Necessity and the mother of invention

The Covid-19 outbreak is compelling financial services companies to conduct a top-to-bottom review of their operational foundations – staff, office space, methods of client engagement and working culture.

But it may come as a surprise to discover how quickly necessity translates into reinvention when the handbrake of movement restrictions is lifted.

Recent discussions ­ with a London-based asset manager, with an investment banking executive and with a senior recruitment consultant ­ provide The Lens with insight on how this may unwind.

The recruitment market is often a guide to where the economic winds are blowing ­ and there has been a vibrant market for senior appointments in the universal banking, asset management and asset servicing sectors from H2 19 extending into Q1 20.

Since late February, however, the coronavirus has applied a pause button to the industry and arrived with little advanced warning.

This may be an enforced calm before the storm. When governments announce the end of lockdown, this is likely to unleash a step up in demand from banks, broker-dealers and asset managers for high quality sales executives.
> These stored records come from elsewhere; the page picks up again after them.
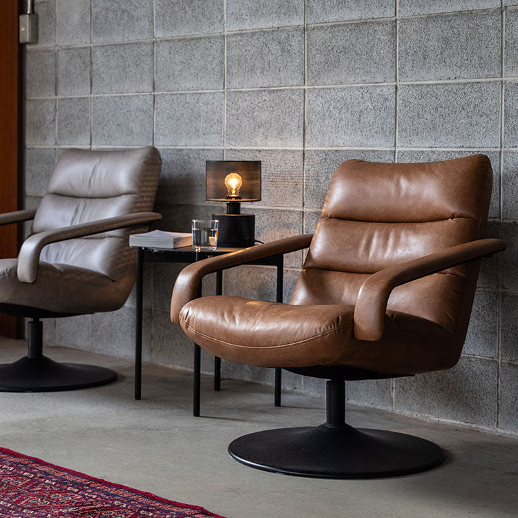 | 商品情報 | 革の風合いを表現したリサイクルレザーを使用し、脚にスチールを使った重厚感のあるソファ。 座面が回転するため、 座ったまま体の向きを変えられます。 モダンやカジュアルといった幅広いテイストに 合わせやすく、雰囲気を引き締めてくれます。 |
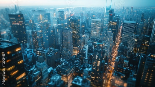 Obraz premium Aerial view of new york city skyline at dusk featuring illuminated skyscrapers and urban landscape.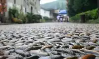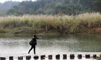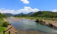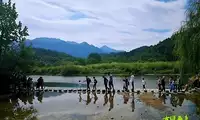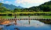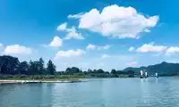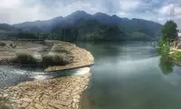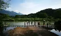The riverbed is mostly paved with cobblestones, which shimmer in the sunlight. When the water level is low, the cobblestones along the river surface, forming a long cobblestone path. Walk slowly along the path, enjoying the gentle breeze and soft clouds.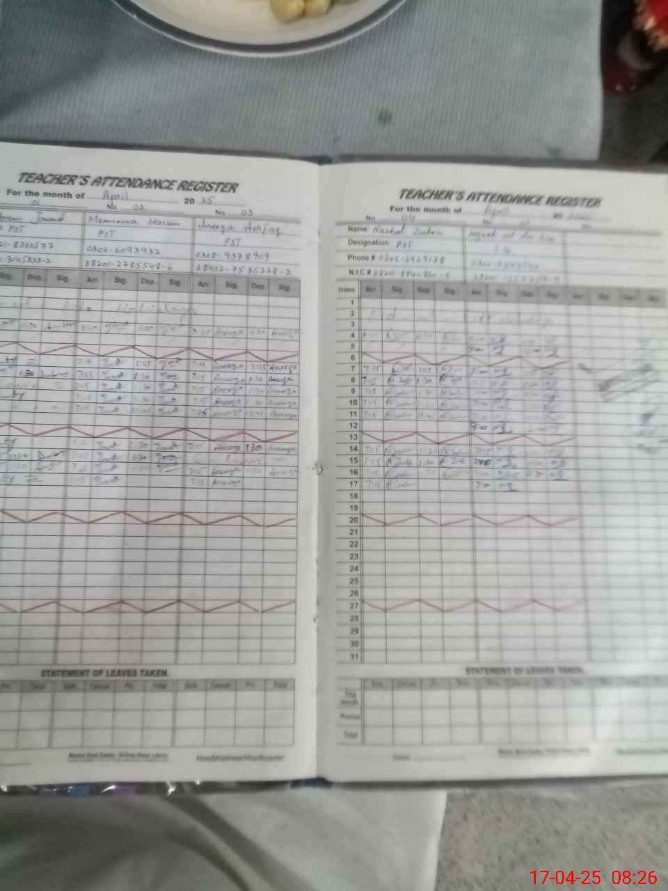 | CNIC | Full Name | Designation | R/C | Absence During Last Calender Month |
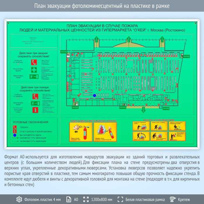 План эвакуации фотолюминесцентный на пластике в рамке (А0 формат) в Сургуте купить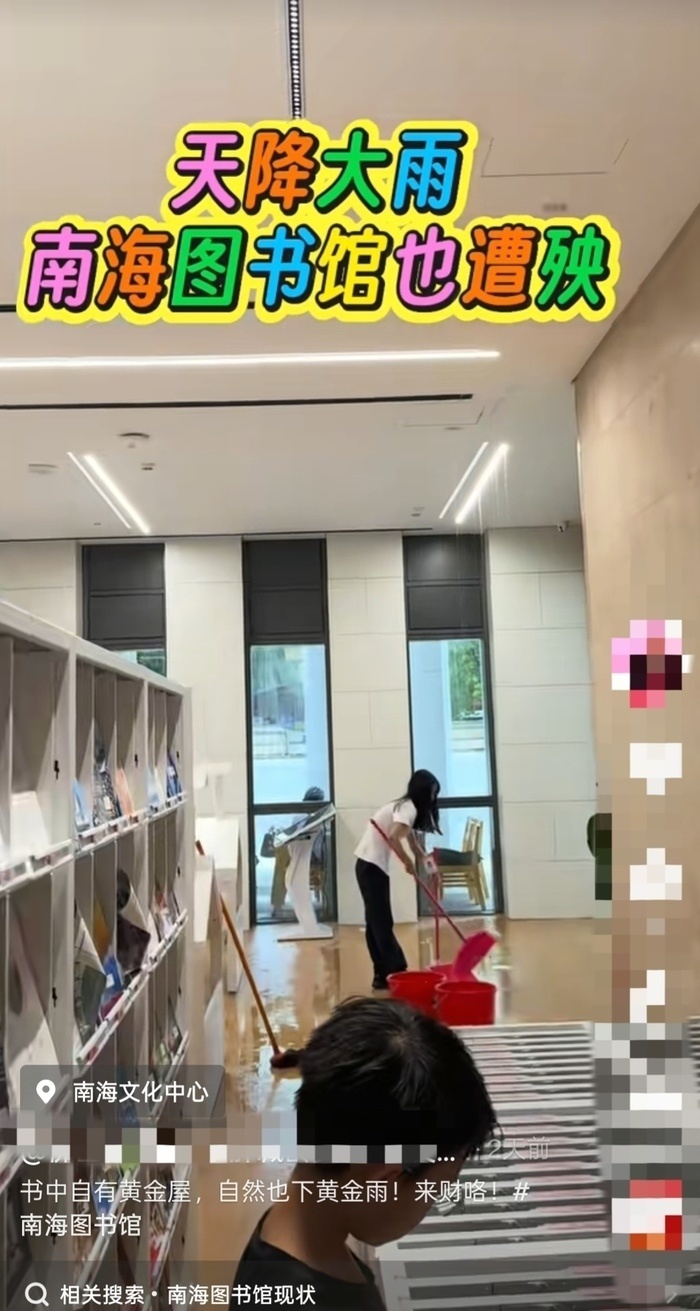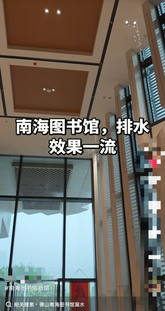 3月29日,佛山遇暴雨天气,有网友发帖称,佛山南海图书馆新馆馆内漏水严重,“天降大雨,南海图书馆也遭殃”。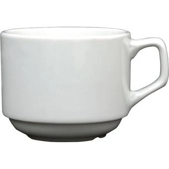 The RG Plain White Stacking Cup is a cost effective tea/coffee cup which can be used to serve refreshments in many establishments including restaurants, cafes, canteens and schools. It is great for serving an afternoon or morning beverage or a refreshment following an evening meal. It is particularly suited for use at events or conferences when serving guests complimentary tea of coffee. The stacking feature of this cup allows for space to be saved in kitchens and on serving counters.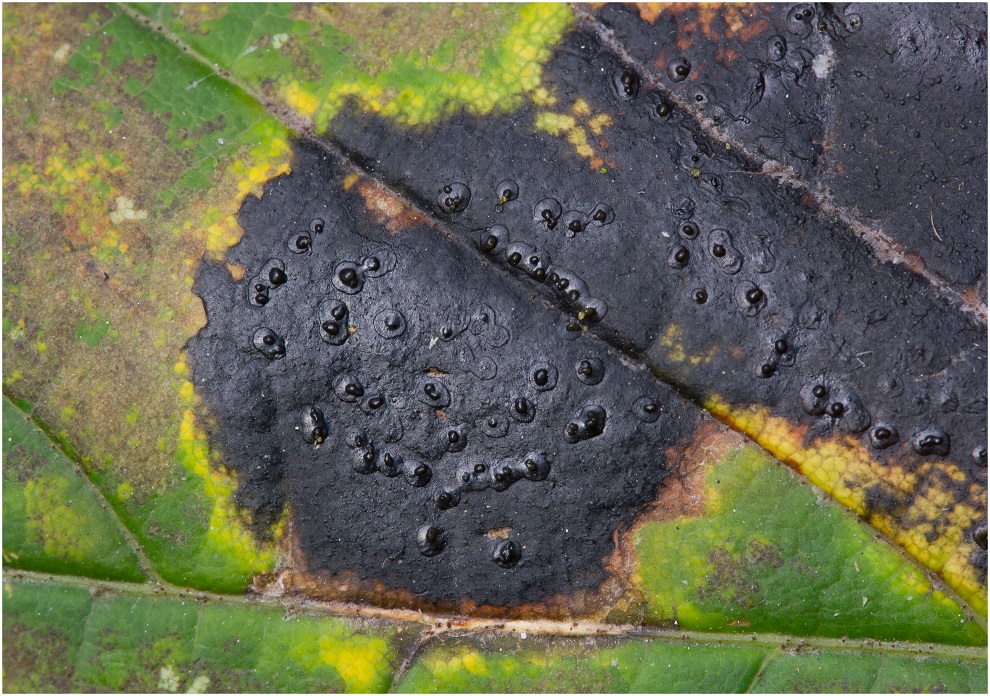 Rhytisma acerinum am Ahornblatt

With limited opportunity to grow organically as the industry reorients itself, leading firms will be looking to new hires to seize market share and to fight their way out of the shutdown.

More generally, the Covid crisis has triggered an unanticipated performance review for firm’s working practices and estates policies. Companies previously doubting whether large-scale remote working would fit their business culture have found, in most instances, this works better than expected. How far it is optimal is now the burning question.

The Lens understands that a number of financial services groups are reassessing how much value they get from their office space – which may be draining annual rent in excess of £100 per sq ft in Canary Wharf or other prime locations.

The alternative, The Lens is told, is to shrink their key activities into just a few floors in their marquee central offices – and to establish an out of town mini-campus where land is cheaper and the air is fresher. Here they can host clients (when face-to-face meeting is preferred), schedule strategy meetings, do creative thinking around the whiteboard and provide desk space for staff that need (or wish) to work on site.

The remaining time, staff will work remotely. This will reduce commuting time, lower office costs, accelerate the transition to carbon-neutrality and reduce crowding in major financial centres.

With remote-working technology now battle-tested, a transition that might have taken 10 years is being rolled forward into the here and now.